Frequent methylation (>20%) was noted for 4 of the 10 genes tested: RASSF1A (35%); APC (35%); and two members of the cadherin family, CDH1 (36%) and CDH13 (29%). The methylation frequency of p16^INK4A was relatively low, a finding consistent with that of a recent survey article (4) . Of the frequently methylated genes, the most studied in bladder cancer is CDH1. Several studies have demonstrated that decreased expression of CDH1 in bladder cancers, as determined by immunostaining, is associated with decreased survival and with features of advanced stage and poor prognosis (14 , 15) . CDH1 is inactivated by methylation in several tumor types including lung, breast, and esophageal cancers (4 , 11) , but its methylation status has not been described in bladder cancers. We found that methylation of CDH1 was present in 36% of bladder cancers and correlated with nonpapillary growth pattern and poor survival. In multivariate models, CDH1 was the only independent methylation-related prognostic factor.

Our gene panel included RASSF1, a recently identified putative TSG. There are two major RASSF1 gene products, RASSF1A and RASSF1C. Selective promoter methylation of the RASSF1A promoter, but not of RASSF1C, is frequent in small cell- and non-small cell lung cancers and in breast carcinomas (16 , 17) . The RASSF1A promoter was methylated frequently in bladder cancers (35%), and methylation was associated with features of poor prognosis (high tumor grade, nonpapillary growth pattern, and muscle invasion). These findings indicate a potential role for RASSF1A in the pathogenesis and spread of bladder cancer.

Inactivation of the APC gene is frequent in colorectal and other gastrointestinal carcinomas, usually by truncating mutations (18) . An alternative method of inactivation of the gene in some gastrointestinal tumors is by promoter methylation (19) . Recently, we reported that selective methylation and silencing of the 1A promoter and its specific products was frequent in lung and breast cancers (20) . In this report, we found methylation of the APC 1A promoter in 35% of bladder cancers, and the methylation correlated with high tumor grade, nonpapillary growth pattern, muscle invasion, and high tumor stage.

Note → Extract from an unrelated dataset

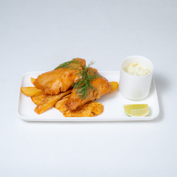 ماهی کفشک سوخاری با سس تارتار دستساز و ساید فرایز

Several members of the cadherin gene family, including CDH1 and CDH13, are located on chromosome 16q, a region of frequent allelic loss in multiple tumor types (21) . Inactivation of CDH13 by promoter methylation has been described in lung and breast cancers (22 , 23) . We found methylation of CDH13 in 29% of bladder cancers, and methylation was associated with high tumor grade and nonpapillary growth pattern.

Inactivation of the FHIT gene is common in many forms of cancers (24) . And reduced immunostaining is present in most bladder carcinomas (25) . Although we found promoter methylation of FHIT in only 16% of bladder cancers, it was associated with poor survival. Promoter methylation of DAPK, MGMT, and the P2 promoter of RARβ, GSTP1, and p16^INK4A genes was present in relatively few bladder cancers and was not associated with parameters of poor prognosis.

We also analyzed the MI, an index of total methylation. Tumors with features of poor prognosis (high grade, nonpapillary growth pattern, muscle invasion, high tumor stage, and aneuploidy) had a significantly higher MI than tumors without these features. High-MI tumors had a significantly shortened survival.

Our results indicated that multiple genes are methylated during the process of bladder cancer development. We found frequent methylation of four genes (CDH1, RASSF1A, APC, and CDH13). Methylation of these genes and the MI correlated with one or more parameters of worse prognosis, and with shortened survival. CDH1 methylation-positive status was independently associated with poor survival in multivariate analyses. The methylation profile may represent a potential new biomarker of risk prediction in bladder cancer.